I’ve been very indignant about my difficulties over the years. I don’t want to admit it, but it’s true. If you want to know a pretty ugly side of me, keep reading- but I warned you.
The truth is, I’ve probably snubbed my nose at over half of my Facebook friend’s public complaints. Now, in my defense, some of you guys publicly complain about some crazy petty stuff, but in your defense, it’s none of my business.
Also, in your defense, your hard is still hard no matter what I, or anyone else, is going through.
There it is.
There is the piece of advice my husband has been drilling into my head for the past three years. The piece of advice that I’ve adamantly fought for the past three years.
“Their hardships are blessings,” I defended, “They’re complaining about their jobs, their difficult children, their marriage. These are blessings to others.”
BUT
Hard is hard, no matter what I’m going through and no matter what you’re going through.
Hard is not a comparable measurement.
There aren’t reasonable levels that determine one trial to be insignificant in the shadow of another.
Hard is hard.
It has taken me a while to get there, and it is taking me even longer to remember to stay here.
Now, I will say, I’m not exactly wrong—only because I’m never wrong, right? Ha.
I’m not wrong in the fact that we should see the things we complain about a little clearer. I’m not wrong in the fact that we often forget that these things we complain about are also the things we prayed for- the husband, job, children.

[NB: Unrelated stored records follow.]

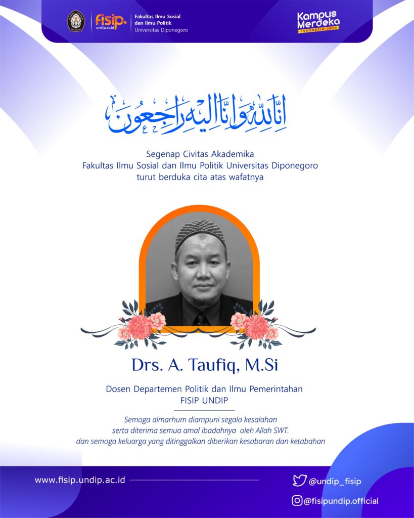 Segenap Civitas Akademika Fakultas Ilmu Sosial dan Ilmu Politik Universitas Diponegoro turut berduka cita atas wafatnya Drs. A. Taufiq, M.Si., Semoga almarhum diampuni segala kesalahan serta diterima semua amal ibadahnya oleh Allah SWT. dan semoga keluarga yang ditinggalkan diberikan kesabaran dan ketabahan.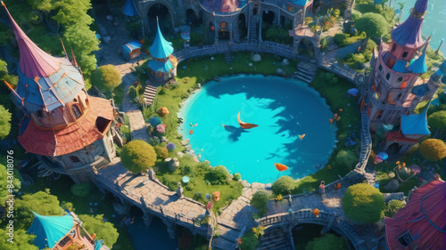 © 4K_Heaven, Fototapeta premium Mystical Aerial Realm: Breathtaking Panorama of Fantasy Terrain, Ethereal Beauty, Generative AI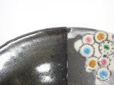 長石釉と天目釉を半分ずつ掛け分けて、色絵を施したお鉢です。
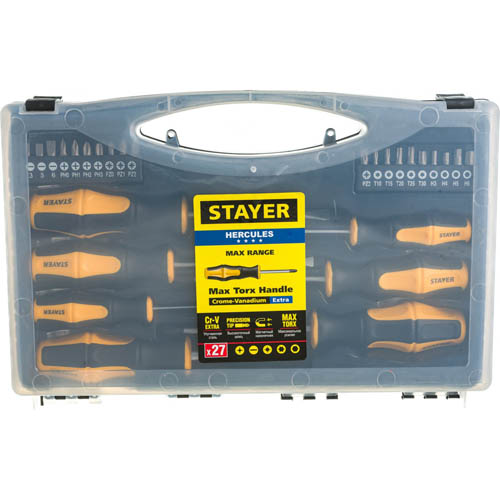 - Набор отверток Stayer MASTER HERCULES, Cr-V сталь, SUPER GRIP эргономичная 2К рукоятка, магнитый наконечник, в кейсе, 27 предметов 25827 имеет долгий срок службы

However, he isn’t wrong either. He’s actually right, very very right. (between you and me, he usually is).
Despite the hardships he and I have faced over the years, we have absolutely no right to judge the level of difficulty of someone else’s life or trial—and you know what? Neither do you.
I understand, people face HARD things in this life. You might have faced hard things over the years, things that make someone else’s stresses seem minor by comparison, but that’s the problem- the word, “comparison.”
Hard is hard. There is no comparison to it.
And despite years of chemotherapy, radiation, surgeries, and all of the emotional turmoil that goes with it, my husband and I are no professionals on the morals of grief and stress. The truth is, we probably struggle and complain about the tedious details, the house chores and the marital spats, more than we struggle and complain about the big fat blatant CANCER in our life.
How weird is that? Hard is hard.
I think people who know hardship, the kind of hardship that actually makes other people look at them and say, “that’s hard. That’s unfortunate that they are going through that,” tend to look down on people who experience the hardships that stay quietly in their own realm of life and difficulty.
I think people who face an illness, or the loss of a loved one, or a life of growing up in hard neighborhoods, you name the trial, tend to look down on people who just lose their way or feel overwhelmed by what is on their shoulders, and I am here to say that as someone who has lived hard times, seemingly easy times, and unbearable times—
HARD is HARD
Today I look at Cancer, and the cruel odds it hands to my marriage and I will say it– Cancer is hard, and cancer is HARD on a marriage.
But so is any other aspect of a marriage. To tell you the truth, and Andrew will agree, some of our hardest days as a couple, and quite frankly as humans, have had nothing to do with health complications. Because marriage is hard no matter the circumstance, and sometimes I just don’t like that guy sitting on my couch, and he doesn’t like me right back. That gets hard. Marriage is hard. There’s no “cancer in a marriage is hard,” it’s just frankly the fact that “marriage is hard.”
I think this translates to every aspect of life. Every trial anyone faces is hard, whether there are hard circumstances in a hard situation, or just a hard situation.
Facing unbearable circumstances doesn’t give you the right to look down on what you would consider bearable circumstances.
Being handed a real crappy deal in life doesn’t give you the right to see the everyone else’s seemingly less crappy deal and think their trial is inferior by comparison.
Yes, people are insensitive.
Yes, people will complain to you about shallow dilemmas while you drown in your own sorrow. Yes, you’ll want to punch them in the face. I’m not naïve to this fact, trust me, I still roll my eyes REGULARLY.
But I’m working on it, and I’m really trying to see something that my husband seems to see so clearly, despite the harsh diagnoses he has faced over the years.
Relationships suffer when you put up a wall of difficulty that essentially says, “your difficulty must be this tall to complain to me about it.” Bad days occur in any season, and these days are hard. These people need to vent, to be heard, and that won’t happen if you force them to view their own hardship in comparison to yours.
Hard is hard. And my hard, your hard, is truly no harder than any one else’s hard. I think when we recognize that, we can grant the world a little grace, a little more empathy. I think when we recognize that we can grant ourselves a little more grace, a little more empathy.
I think when we recognize that, when we implement that into our friendships, our relationships, our fellowships, we share just a little more lovely with the people in our lives.
Bravo!
Thanks for sharing.
thanks for sharing this! a friend sent me your blog post. i needed to read that because its a battle i fight. my daughter died at age 18 and sometimes its VERY hard to listen to people complain about the little, insignificant things😏
I’m so sorry to hear about your daughter. As I mentioned I still fight this battle every day!